The sun is just starting to dip below the buildings of downtown Long Beach, and the men are only beginning to reminisce. Tovar wears a freshly pressed, blue dress shirt over a white crew T-shirt. Jeans, dark wraparound sunglasses and a pair of black Docs top it off. He's the founder of Goldenvoice Productions, the wildly influential Southern California concert-promotions company. With roots long-steeped in punk, Tovar and Goldenvoice helped usher the genre from small clubs scattered throughout the suburbs into all-ages, large-capacity venues such as the Palladium and the Olympic.

 

Tovar spent seven years in prison on charges of drug distribution and left Goldenvoice in the very capable hands of employees Tollett and Rick Van Santen.
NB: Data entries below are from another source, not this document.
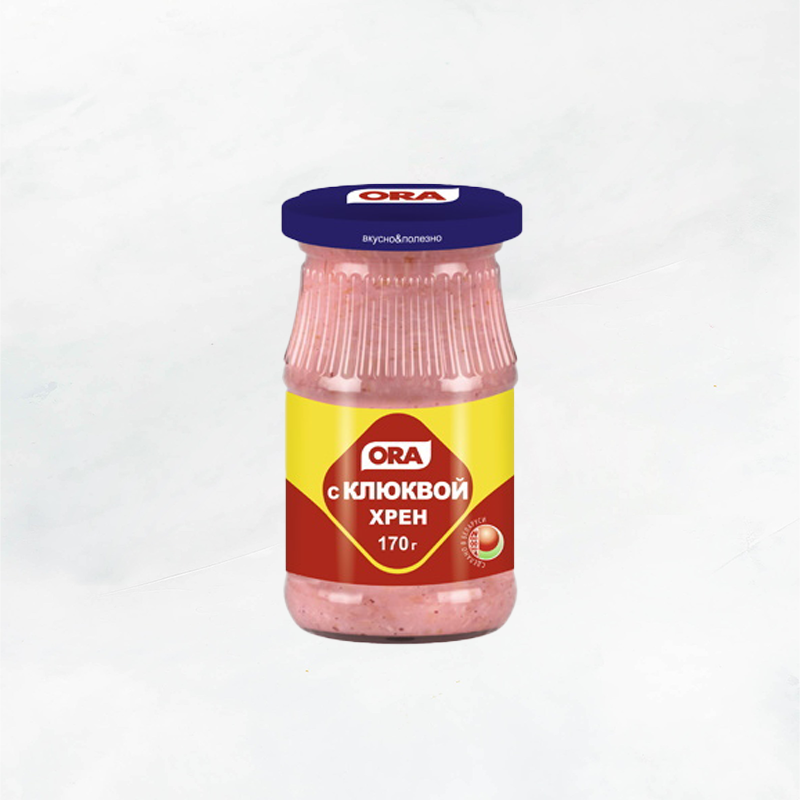 Корень хрена свежий, вод питьевая, масло растительное, сахар, соль поваренная пищевая йодированная, регулятор кислотности уксусная кислота, клюква, загустители: гуаровая и ксантовая камеди, консервант бензоат натрия, краситель Аннато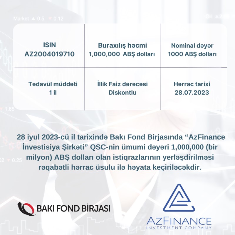 28 iyul 2023-cü il tarixində Bakı Fond Birjasında “AzFinance İnvestisiya Şirkəti” QSC-nin ümumi dəyəri 1 milyon ABŞ dolları olan istiqrazlarının yerləşdirilməsi rəqabətli hərrac üsulu ilə həyata keçiriləcəkdir.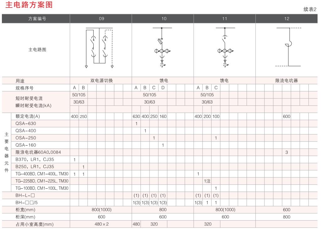開關(guān)設(shè)備主電路方案共32組118個(gè)規(guī)格(見表2).不包括由于輔助電路的控制與保護(hù)的變化而派生的方案和規(guī)格。包括了發(fā)電、供用電和其它電力用戶的需要,額定工作電流為4000A,適合2500kVA及以下的配電變壓器選用。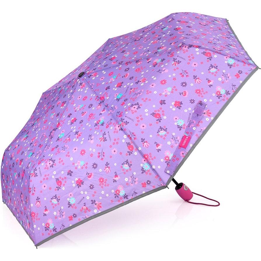 Paraguas plegable Gabol VIOLET apertura automática y detalle reflectante.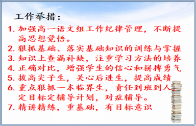 教学与教研中心要求各学科规范质量分析内容及流程,考试质量分析包括各班答题得分比较分析、试卷每题答题统计及分析、前段时间备课组工作得小结、后阶段备课组的工作举措。要求各备课组质量分析必须做成PPT课件,并利用集体备课时间统一进行质量分析。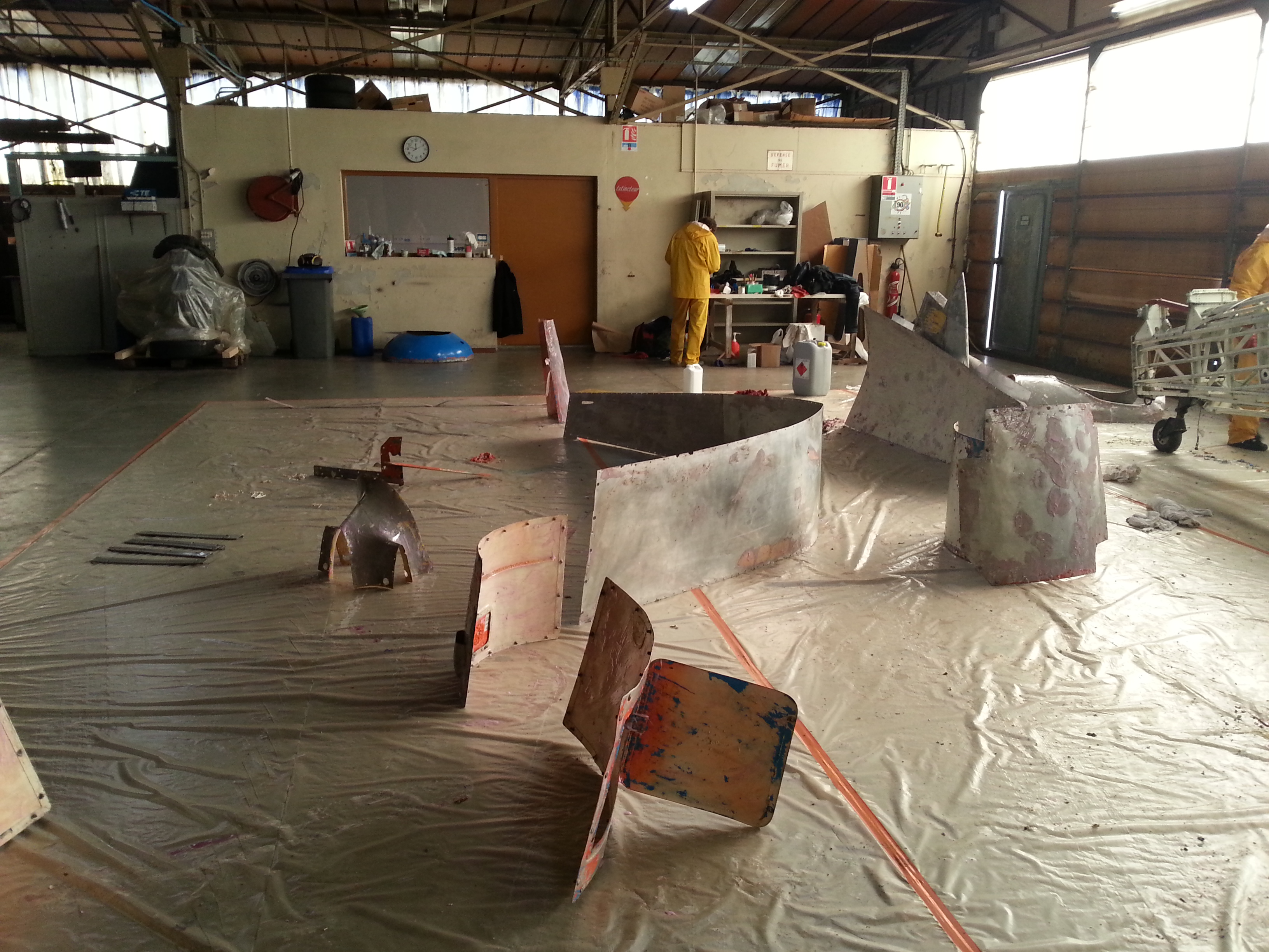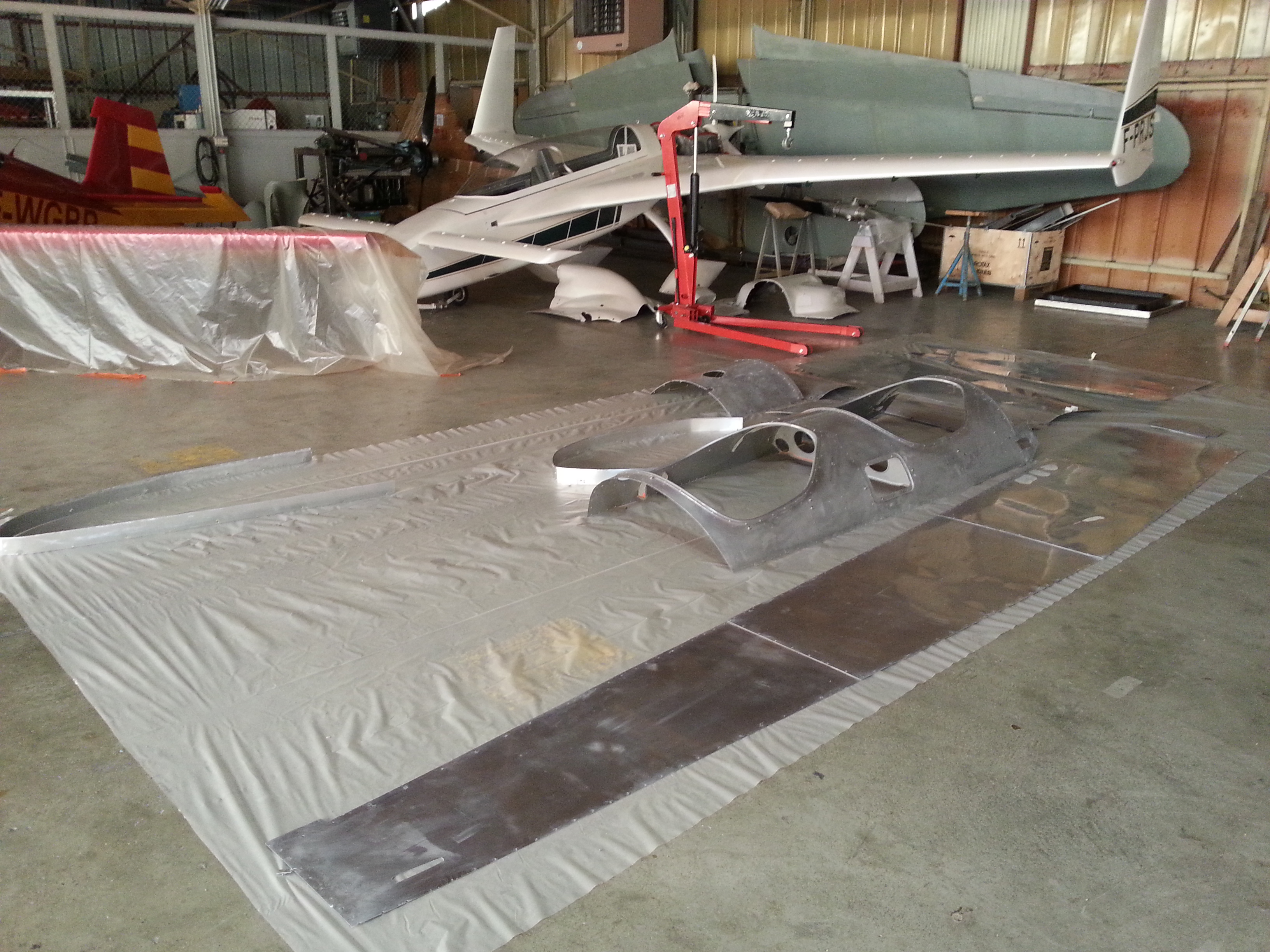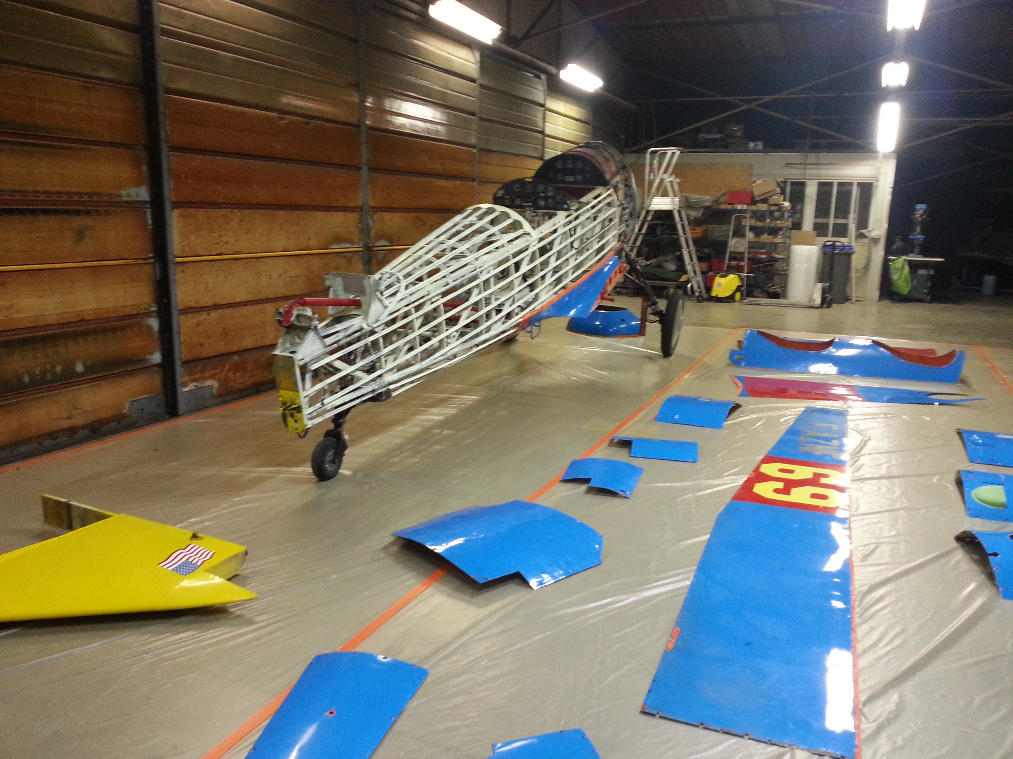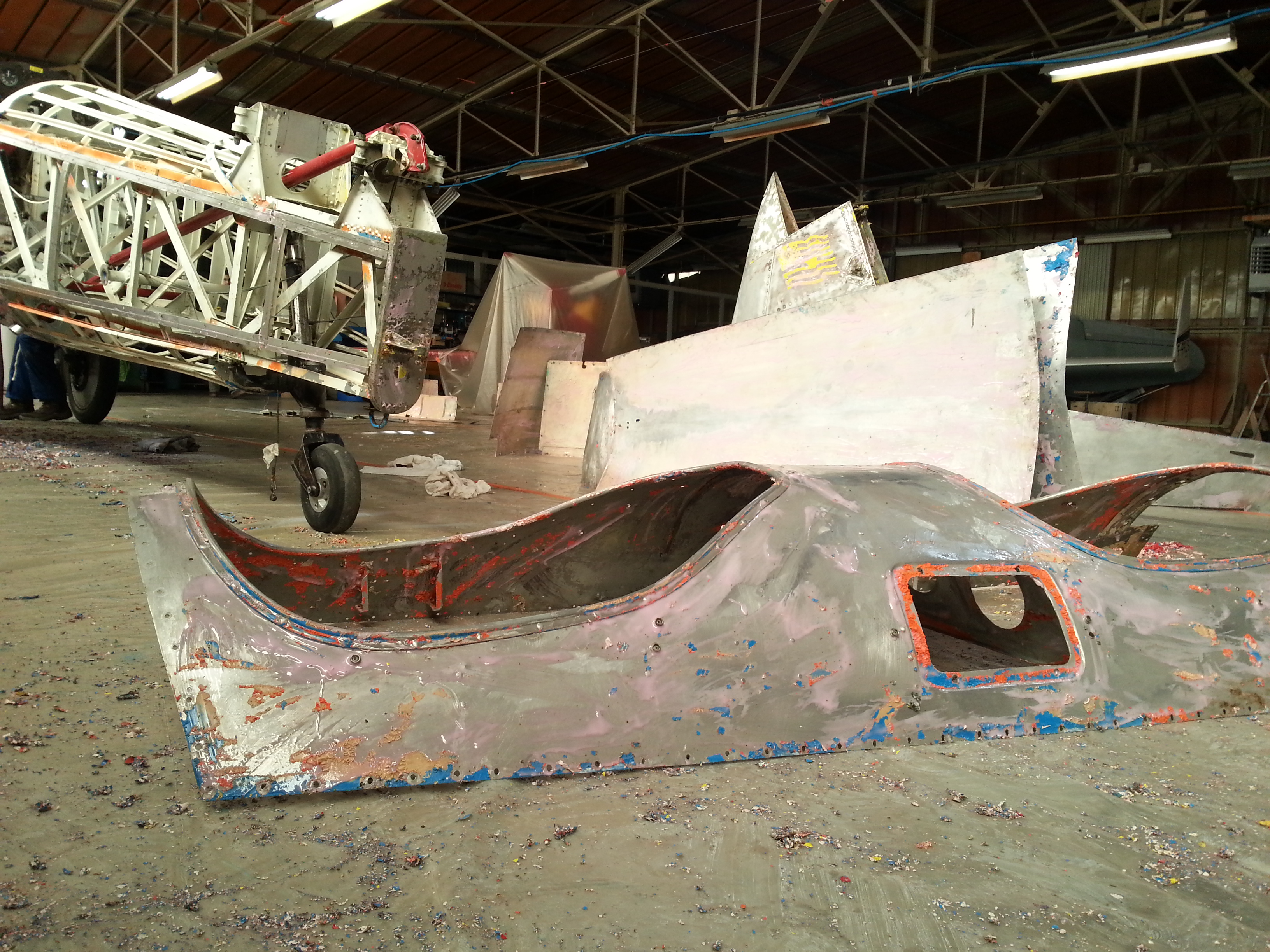 C’est donc à Dijon-Darois, chez Aéro Restauration Service (ARS) – atelier de maintenance qui s’est fait, sous la direction de Bruno Ducreux, une solide réputation dans le domaine des avions de collection – que nous avons convoyé dernièrement le N3N afin que ses ailes soient révisées et entièrement refaites après les dommages dus à la grêle. Durant cette période d’inactivité de l’avion, l’Amicale a décidé de donner un coup de beauté à cet ancien de l’US Navy et de lui modifier son « look ». Ainsi, une équipe de cinq membres de l’Amicale est partie passer un week-end en Bourgogne, chez ARS, afin de décaper l’intégralité des tôles du biplan. C’est dans la bonne humeur que cette opération s’est déroulée, l’occasion de partager des moments avec les copains de Dijon et de resserrer nos liens…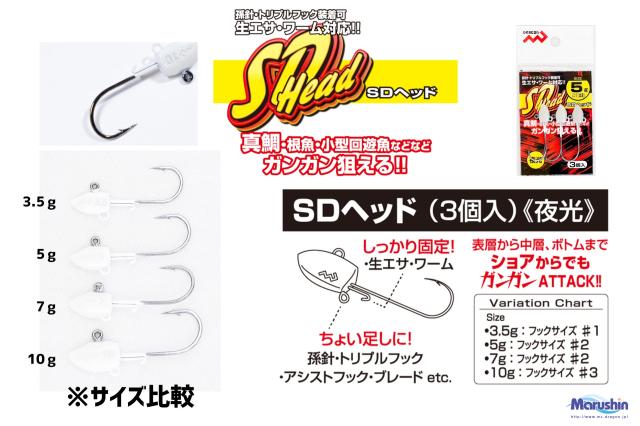 マルシン ジグヘッド SDヘッド 3個入 3.5g 5g 7g 10g 夜光 生エサ ワーム 刺し メバリング ソルトウォーター 海釣り ロックフィッシュ ハードロックフィッシュゲーム ルアー マダイ 根魚 メバル カサゴ アイナメ キジハタ クエ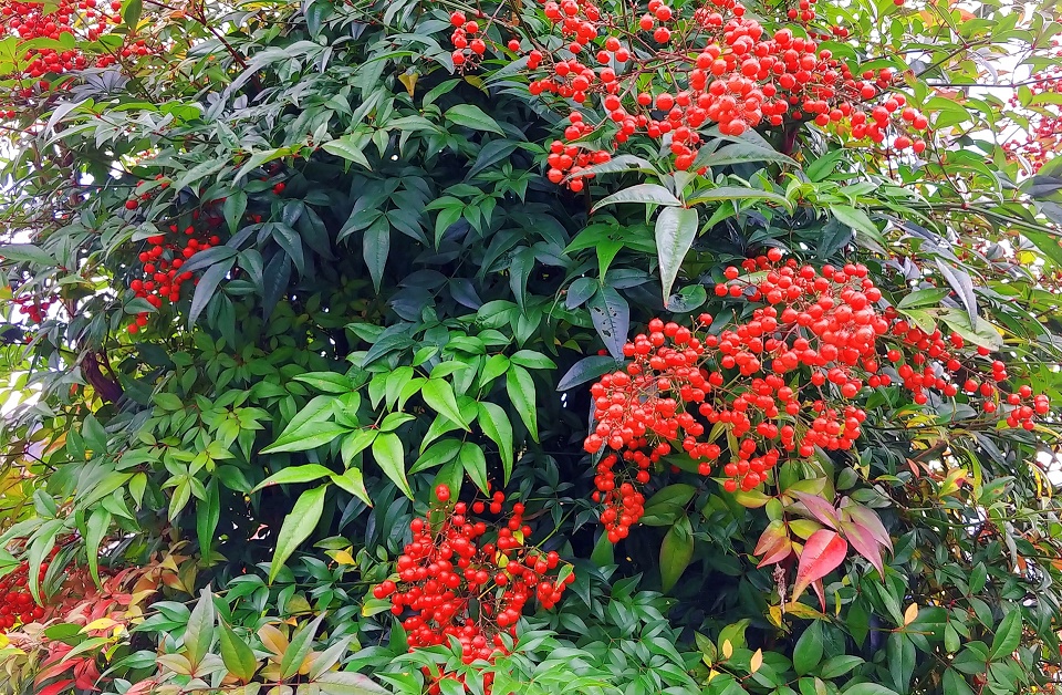 ナンテンは、その植物全体に有毒成分を含んでおり、特に赤い実の部分に毒が多いのが特徴です。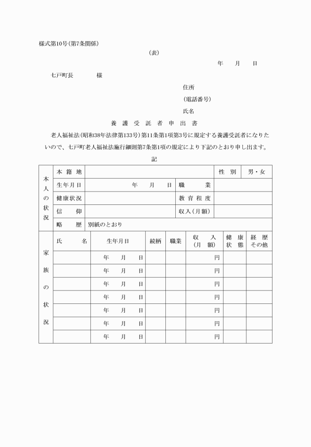 第7条 省令第1条の6の規定による申出は、養護受託者申出書(様式第10号)によりその居住地を管轄する町長にしなければならない。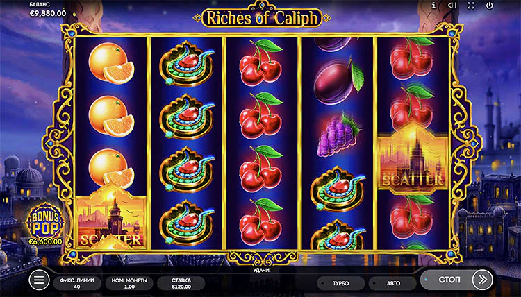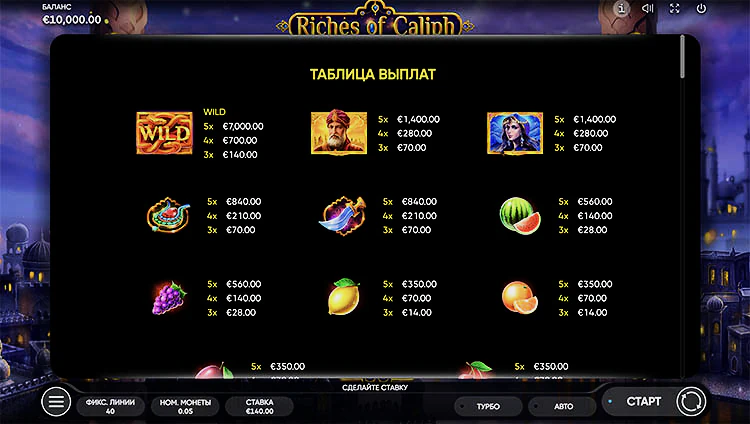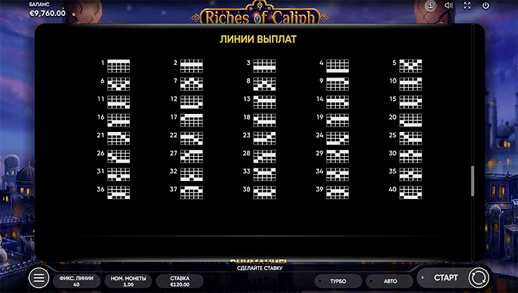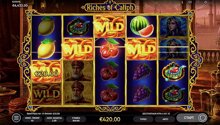 В слоте предусмотрено 40 фиксированных линий выплат, которые засчитываются слева направо. Игровое поле расположено на фоне Халифата. Инструменты управления, автозапуск, турбо-режим размещены под барабанами. Интерфейс слота переведен на 30 языков, нужный легко выбрать в панели управления. Играть в игровой автомат Riches of Caliph в деморежиме и на деньги можно и с мобильных устройств.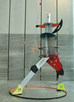 Und da er Maler ist, wird er – gefragt nach dem philosophischen Hintergrund seiner Arbeiten – sehr wortkarg oder weicht lieber listig aus und preist die hübschen Dinge an, die man im Buchshop des Bildermuseums kaufen kann. Den dicken Katalog zum Beispiel, den wir an dieser Stelle natürlich auch noch besprechen werden. Oder die kleinen Plastiken, die er entwickelt hat und die man zusammenbauen kann wie Steckfiguren.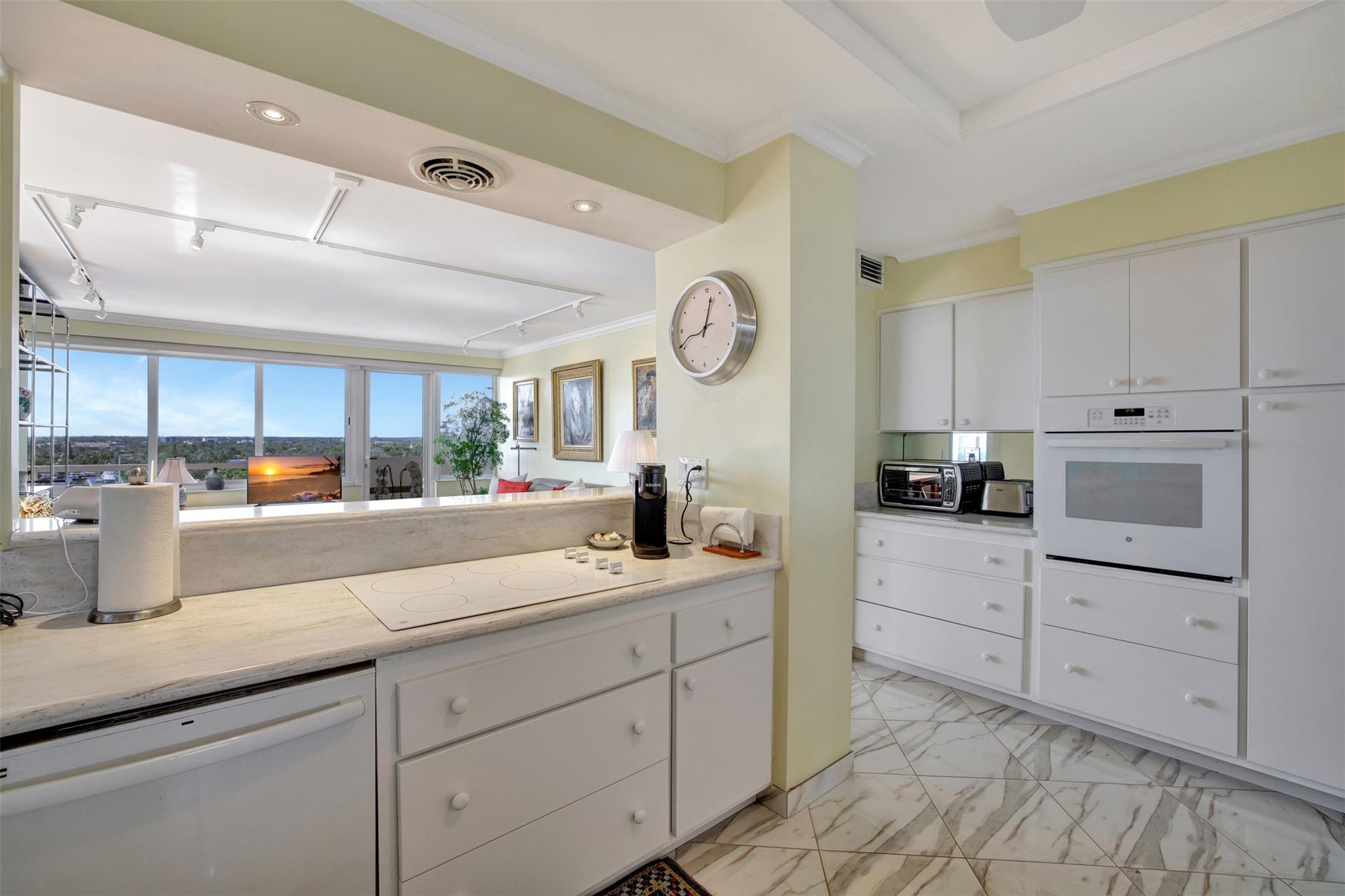 Step into this beautifully decorated FURNISHED corner unit with the most spectacular views of direct Intracoastal and downtown waterways/skyline and you will see why this is a very unique and desireable unit. This upgraded unit features a stackable washer/dryer, corian countertops with a brand new stove top,a built in murphy bed, hurricane impact windows, new a/c unit June 2023, just to name a few. The building is under restoration, will be completely re-painted with new glass balconies. The building offers a large heated pool, a newly renovated gym, a community room, and additional storage. With 24 hour security, on site management. This 55+ community is a short walk to our beautiful beach, great restaurants and an abundance of wonderful entertainment and nightlife.

While the subsequent years weren't exactly the smoothest ones for the company, two decades and a little something called the Coachella Music and Arts Festival later, it has secured its reputation for gathering the best, most innovative artists together for bills that span from intimate clubs to Imperial Valley polo fields.

And this weekend, Goldenvoice celebrates 30 years of riots, organized mayhem and beautiful music over three days with a lineup straight from the early years of the company.

"There were many bands Goldenvoice helped along through the years," Tovar explains. "But this is a festival to help celebrate the bands who made Goldenvoice."